The great advantage of AI models is that once they are built, properly trained and validated, they are easy to operate and comparatively cheap. They are also fast and accurate, and, as they continuously learn from the new cases they are presented with, they get better over time. Nevertheless, they will not present a universal solution for each and every patient.

“The AI will be based on training data, not on mechanistic theory,” explains Dr Marco Palanca, senior assistant professor at the Department of Industrial Engineering at the University of Bologna. “Due to the large variability of the patients we will stratify, there will be instances when the AI model will not be able to perfectly grasp the problem. There will also be times when the expert clinicians do not agree with its output.”

This is where the second component of the METASTRA project comes in. The researchers are working on a set of tools to automatically build personalized mechanical computational models of those patients for whom the AI cannot produce conclusive decisions. A relevant portion of the necessary technical background was developed in projects funded by the AO and the KF Tumor. Palanca, a mechanical engineer and himself an associate member of the KF Tumor, won the 2019 AO Spine Discovery and Innovation Award as well as the 2022 AO Spine Knowledge Forum Associate Member Research Award for projects related to the biomechanical evaluation of cancer patients with metastatic vertebrae.

“I am very proud of the intense collaboration between mechanical engineers and clinicians in this project, and I want to emphasize the important role played by AO Spine in connecting these two worlds,” Palanca says. “The two professions are really far from each other.

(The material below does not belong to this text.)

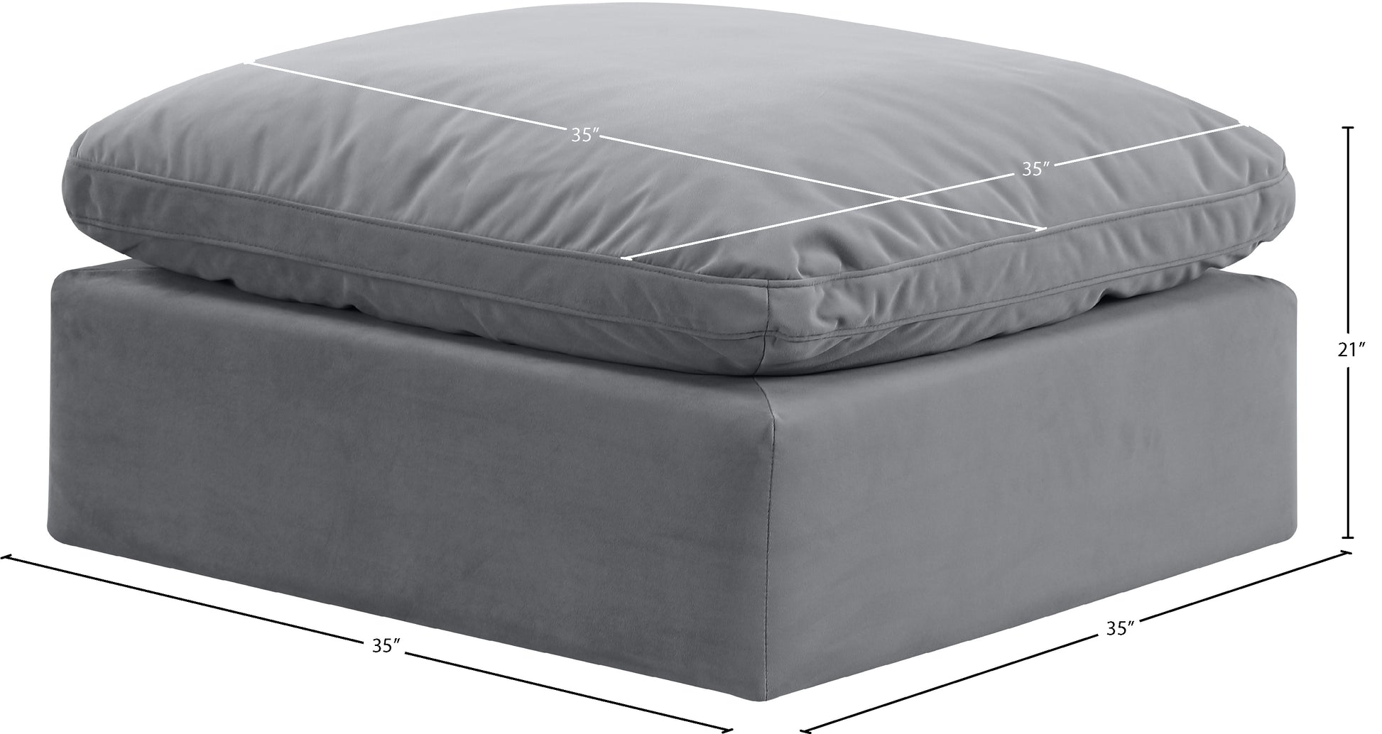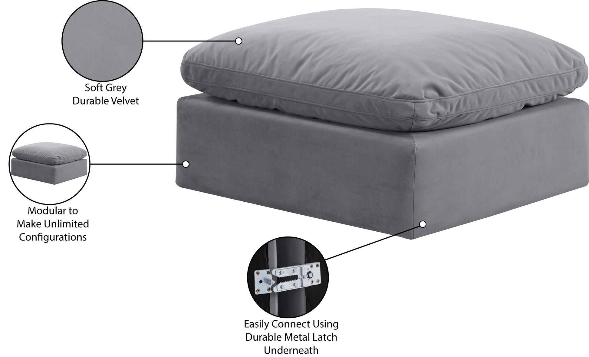 Experience ultimate comfort and style with our grey velvet Indulge Ottoman. The luxurious velvet will elevate the aesthetic of any room. This ottoman provides ample space for you to relax while its modular build offers the option of unlimited configurations. Whether you're looking to add a stylish element to your living room or a comfortable seating option to your bedroom, this ottoman is the perfect choice.

But combining their different kinds of expertise, their approaches, and their points of view allows us to find the best solutions.”

Effective knowledge dissemination

The AO’s expertise will also have an important role to play in later phases of the project when it comes to the assessment of the DSS, the development of evidence-based guidelines to effectively stratify patients, and, subsequently, the assessment of the guidelines for external validation by the KF Tumor.

“In addition, AO Spine will ultimately be the main partner in terms of the professional dissemination of the project results in the spine community,” adds Dr Áron Lazáry, Deputy Director of the National Center for Spinal Disorders at Buda Health Center in the Hungarian capital Budapest and associate professor at the Department of Spine Surgery at Semmelweis University in Budapest. There are several aspects to this task, says Lazáry, who also currently serves as AO Spine Europe and Southern Africa Research Officer, and is a member of the KF Tumor steering committee.

“To translate the scientific results and developments into clinical practice we have to make surgeons aware of the new technology and convince them of its evidence-based background and its favorable effect on treatment process and on outcomes. We also have to show them the easy-to-use nature of the resulting system.” The KF Tumor will play an essential role in this process by providing expert opinions, developing recommendations, deploying professional marketing, and in terms of education.

Future opportunities

METASTRA is the first project in which AO Spine is contributing as a partner to a research consortium whose work is funded by an independent body. It is an important opportunity for AO Spine, says Lazáry, both to prove its value as a research consortium partner, and as a means of testing the efficacy of its internal and external processes.

He also sees it as a stepping stone on the path to joining more major research partnerships in the future: “Big advances in medical technology in a relatively short time can be achieved only by multidisciplinary consortiums with significant financial resources. Beyond the actual research activity and the resulting knowledge generation, organizations such as AO Spine can help disseminate and implement the results and the new technology.”

Another main advantage of joining projects such as METASTRA is that they allow AO Spine to extend its network—successful participation will allow it to improve its international visibility in the spine community. In the end, says Lazáry, all these effects serve to help the AO’s mission: to improve patient care.